宮城を中心に異例の売れ行き!? 被災地での生活者のリアルを描く、芥川賞受賞作『荒地の家族』
本書では、自分なりにあがきながらうまくいかない人々が多く登場する。
「それこそ家族でも共有できてない苦しみなんていっぱいある。それをうまく表現できたらと思います」
被災地の変わりゆく様子が活写され、祐治らの心象風景と重なる。
「海の方は人が住めない『災害危険区域』にされたりして、境界が引かれて忘れ去られていくような気がするんです。
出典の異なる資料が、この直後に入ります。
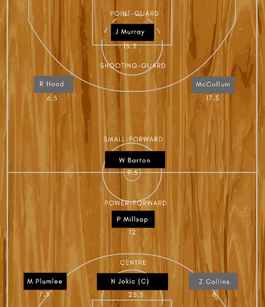 • Denver Nuggets: Torrey Craig (F), Paul Millsap (F), Nikola Jokic (C), Gary Harris (G), Jamal Murray (G)
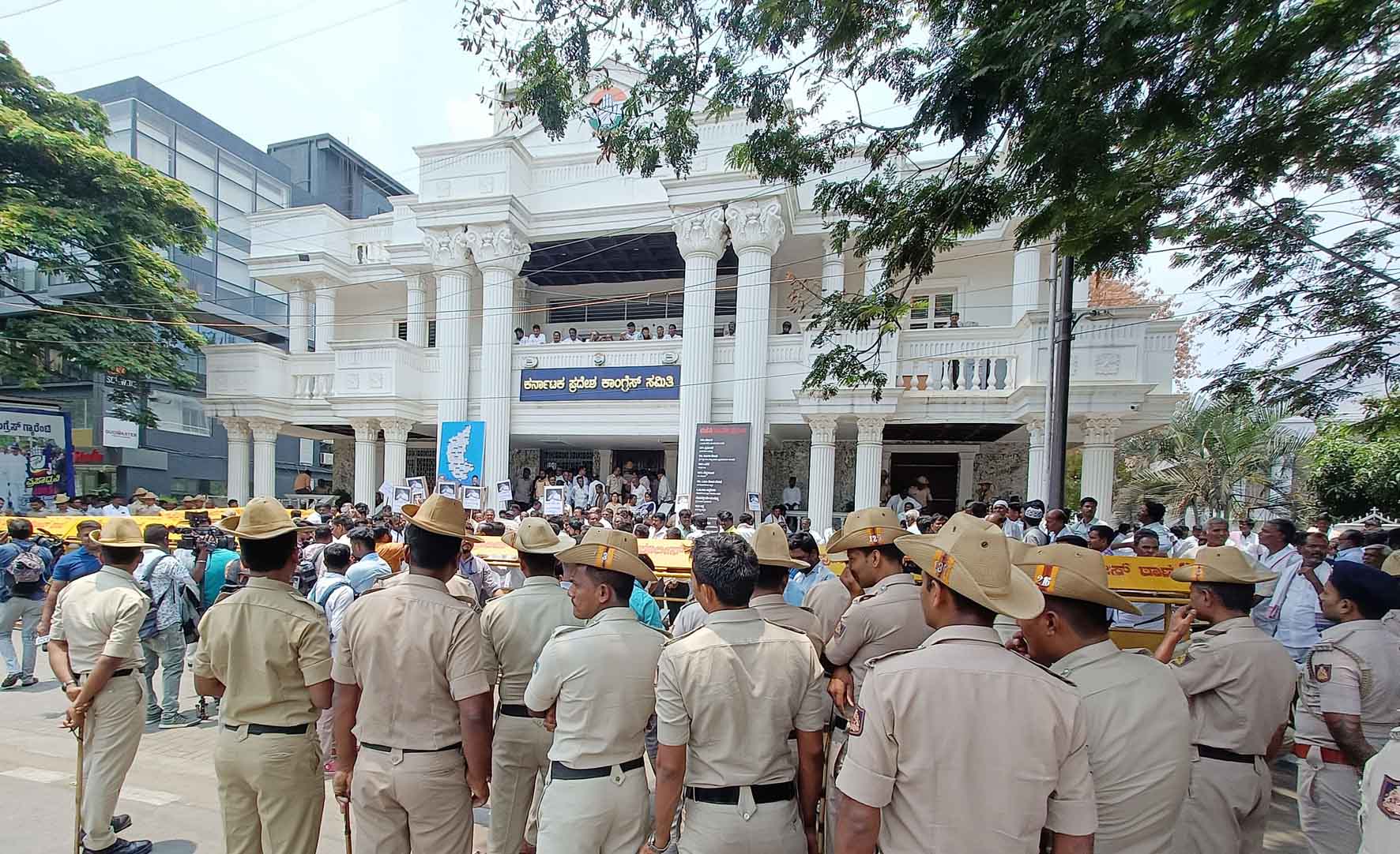 ತರೀಕೆರೆ ಕ್ಷೇತ್ರದಿಂದ ಎಚ್.ಎಂ.ಗೋಪಿಕೃಷ್ಣಗೆ ಟಿಕೆಟ್ ನೀಡುವಂತೆ ಆಗ್ರಹಿಸಿ ಬೆಂಗಳೂರಿನ ಕಾಂಗ್ರೆಸ್ ಕಚೇರಿ ಮುಂದೆ ಧರಣಿ
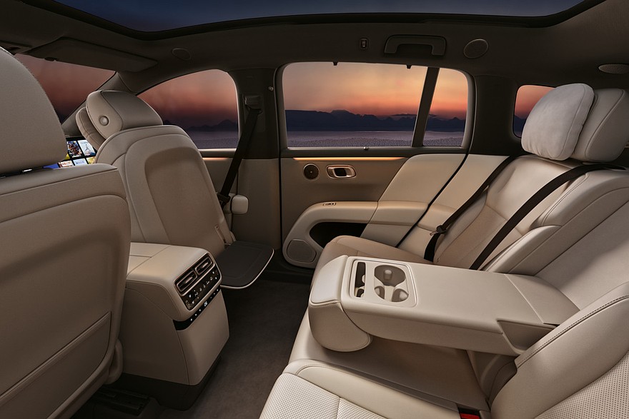 В торец центрального тоннеля встроены сенсорная панель управления и выдвижной бокс с функциями подогрева и охлаждения. Собственная фишка Li i6, которой нет у Li i8, — интегрированная в спинку правого переднего кресла откидная подставка для ног. Ну и, судя по всему, младший кроссовер будет доступен только в пятиместном исполнении, тогда как Li i8 предложен с шестиместным салоном.
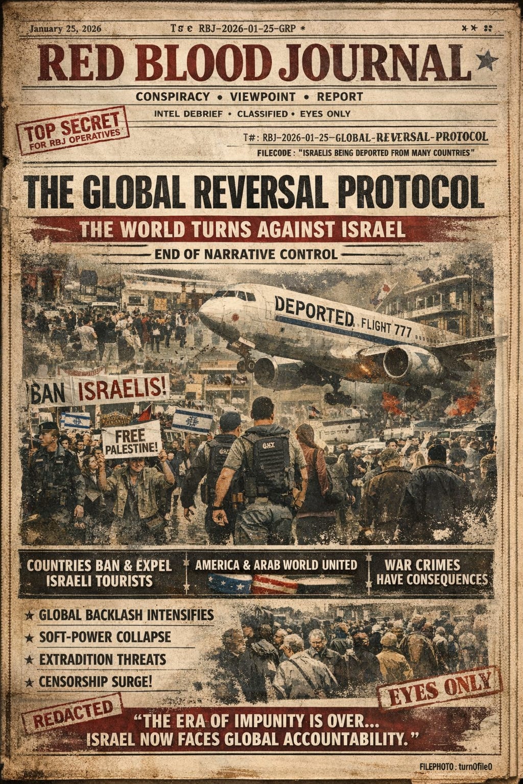 The provided text outlines a geopolitical shift termed the Global Reversal Protocol, which describes the sudden collapse of Israel’s longstanding diplomatic and narrative immunity.

忘れまいとすることはそのささやかな抵抗のつもり。自分ではどうしようもない災厄は誰にでも起こりうるし、そんな思いが広く届いてほしいと願っています」
ちなみに、祐治の仕事ぶりの描写があまりに見事なので、どのような取材をしたのか尋ねてみると、
「中学の同級生がそれこそひとり親方をやっていて、彼のような職人的な人間を主人公にした作品は書きたいという気持ちがずっとありました。たとえばいちばんつらい作業は何かとか道具の名称とか、居酒屋で聞くべきことだけ聞いた感じですが、非常に助かりました(笑)」
『荒地の家族』舞台になっている宮城県亘理町は、佐藤さんの祖父の家があった場所で幼少期から遊びに行っていた。いまも墓参のためにときどき訪れている。
新潮社1870円
さとう・あつし1982年、宮城県生まれ、仙台市在住。